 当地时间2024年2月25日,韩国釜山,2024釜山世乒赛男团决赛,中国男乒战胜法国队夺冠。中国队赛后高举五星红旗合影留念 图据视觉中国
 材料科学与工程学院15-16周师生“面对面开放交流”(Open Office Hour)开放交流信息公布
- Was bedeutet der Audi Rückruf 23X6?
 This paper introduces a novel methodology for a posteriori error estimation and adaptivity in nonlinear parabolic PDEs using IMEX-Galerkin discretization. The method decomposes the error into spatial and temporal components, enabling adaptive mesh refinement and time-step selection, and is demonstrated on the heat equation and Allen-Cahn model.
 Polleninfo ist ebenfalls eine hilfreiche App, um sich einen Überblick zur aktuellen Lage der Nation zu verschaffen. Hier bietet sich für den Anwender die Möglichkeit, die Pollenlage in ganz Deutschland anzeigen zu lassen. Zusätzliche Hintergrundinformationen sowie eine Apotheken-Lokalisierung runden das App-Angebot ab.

----

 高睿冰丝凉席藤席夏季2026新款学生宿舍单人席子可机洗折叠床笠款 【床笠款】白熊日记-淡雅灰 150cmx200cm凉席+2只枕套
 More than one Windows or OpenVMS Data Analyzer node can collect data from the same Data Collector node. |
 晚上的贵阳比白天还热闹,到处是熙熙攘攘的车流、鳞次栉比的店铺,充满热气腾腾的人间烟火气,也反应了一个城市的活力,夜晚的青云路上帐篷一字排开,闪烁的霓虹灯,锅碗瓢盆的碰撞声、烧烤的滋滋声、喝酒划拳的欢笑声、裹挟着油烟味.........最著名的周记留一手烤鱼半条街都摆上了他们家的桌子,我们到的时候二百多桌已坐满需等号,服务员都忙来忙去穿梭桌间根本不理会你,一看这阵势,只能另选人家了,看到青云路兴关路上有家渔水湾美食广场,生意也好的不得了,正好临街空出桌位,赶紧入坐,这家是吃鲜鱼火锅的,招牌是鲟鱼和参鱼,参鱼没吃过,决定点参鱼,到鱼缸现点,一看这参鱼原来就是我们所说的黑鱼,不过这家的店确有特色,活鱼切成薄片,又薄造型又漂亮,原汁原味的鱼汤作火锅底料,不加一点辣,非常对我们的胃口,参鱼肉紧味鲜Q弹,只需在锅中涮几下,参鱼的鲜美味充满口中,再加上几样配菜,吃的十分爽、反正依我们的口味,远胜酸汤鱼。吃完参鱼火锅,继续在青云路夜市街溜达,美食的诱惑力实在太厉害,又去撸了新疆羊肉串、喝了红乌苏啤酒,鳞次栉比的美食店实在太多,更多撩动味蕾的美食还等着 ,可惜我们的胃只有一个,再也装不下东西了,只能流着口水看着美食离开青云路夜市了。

----

» What is needed
Of the entries above, repeat exactly the lines from the line with "当地时间2024年2月25日" through the line with "This paper introduces", both of them included.

» Task solution
 当地时间2024年2月25日,韩国釜山,2024釜山世乒赛男团决赛,中国男乒战胜法国队夺冠。中国队赛后高举五星红旗合影留念 图据视觉中国
 材料科学与工程学院15-16周师生“面对面开放交流”(Open Office Hour)开放交流信息公布
- Was bedeutet der Audi Rückruf 23X6?
 This paper introduces a novel methodology for a posteriori error estimation and adaptivity in nonlinear parabolic PDEs using IMEX-Galerkin discretization. The method decomposes the error into spatial and temporal components, enabling adaptive mesh refinement and time-step selection, and is demonstrated on the heat equation and Allen-Cahn model.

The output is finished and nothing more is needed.